# Problema impresora Lexmark



## Frasco (Sep 13, 2005)

A ver. Tengo una impresora Lexmark. Tengo un pequeño problema desde junio... La impresora, al conectarla a la red de electricidad, empieza a lucir..pero no me hace caso el ordenador...para él no existe..y presionando en cualquiera de los botones de la impresora tampoco nme hace caso. Es como si recibiera electricidad (lo que indica la luz) pero no puede hacer nada debido a algun motivo quizas de circuitos... No es problema de software..ya esta todo estudiado y es, en fecto, de la impresora en sí, material. 
Por tanto a ver si alguien podría darme alguna indicación sobre qué debo de mirar..o alguna cosilla...la he desmontado y, aparentemente, para los ojos de uno no muy experto, no hay nada defectuoso..no hay nada mal que resalte. Espero sus respuestas 

Muchas gracias chicos!!! 
Saludos!!!

PD: la impresora es la Lexmark P3150
No sé si este mensaje irá en este subforo...creo que sí, no obstante si no es de aquí ya se encargará el admin de moverlo...Gracias!!


----------



## Andres Cuenca (Sep 13, 2005)

Si la impresora enciende y no responde a las ordenes envidadas por el PC, se puede pensar o que el driver esta desconfigurado o que tiene problemas de comunicación, si ya reinstalaste el software entonces prueba utilizando otro cable de comunicación. Dudo que sea otro el problema, ya que no veo otra forma para que se pueda dañar la impresora.
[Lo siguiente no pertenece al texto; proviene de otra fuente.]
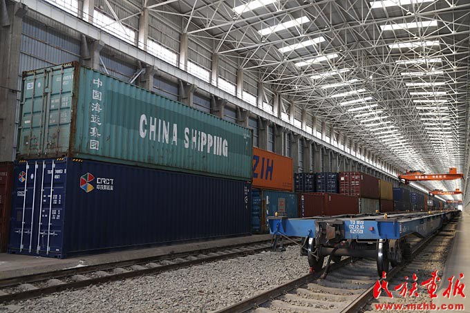 阿拉山口口岸有亞洲最大的“全天候”室內(nèi)集裝箱換裝場,年換裝能力20萬標(biāo)箱(滕俊 攝影)

Pero si la impresora no responde al presionar cualquiera de sus botones entonces el problema es interno y creo que en ese caso ya no se puede hacer nada, su electrónica es muy discreta y sus circuitos integrados son de aplicación especifica, así que si no hay un daño muy visible (como una resistencia quemada o algo así) es muy difícil encontrar el problema.


----------



## Frasco (Sep 13, 2005)

En efecto, el problema es interno, ya que las otras dos soluciones las he probado y nada... No habría remedio en caso de que sea cuestión de circuito?? Me saldría mejor una nueva??? Esque no sé...lo decía por si había algún tipo de remedio casero...así me ahorraría el comprarme otra ya que esta no está en garantía...justo la semana siguiente de su caducidad se rompió...vaya desgracia...

Espero sus respuestas. 
Muchas gracias!!!


----------



## Andres Cuenca (Sep 13, 2005)

Lo cierto es que en estos momentos toda la electrónica de consumo es desechable, un daño interno implica una reparación mas costosa que comprar nuevamente el producto.

Mejor cómprate otra.


----------



## José Coito (Sep 15, 2005)

Hola, si mira estoy de acuerdo con el caso del cable, también puede ser otra cosa pero para ir descartando si podes probala en otra pc.

Avisa si solucionaste, Un abrazo...


----------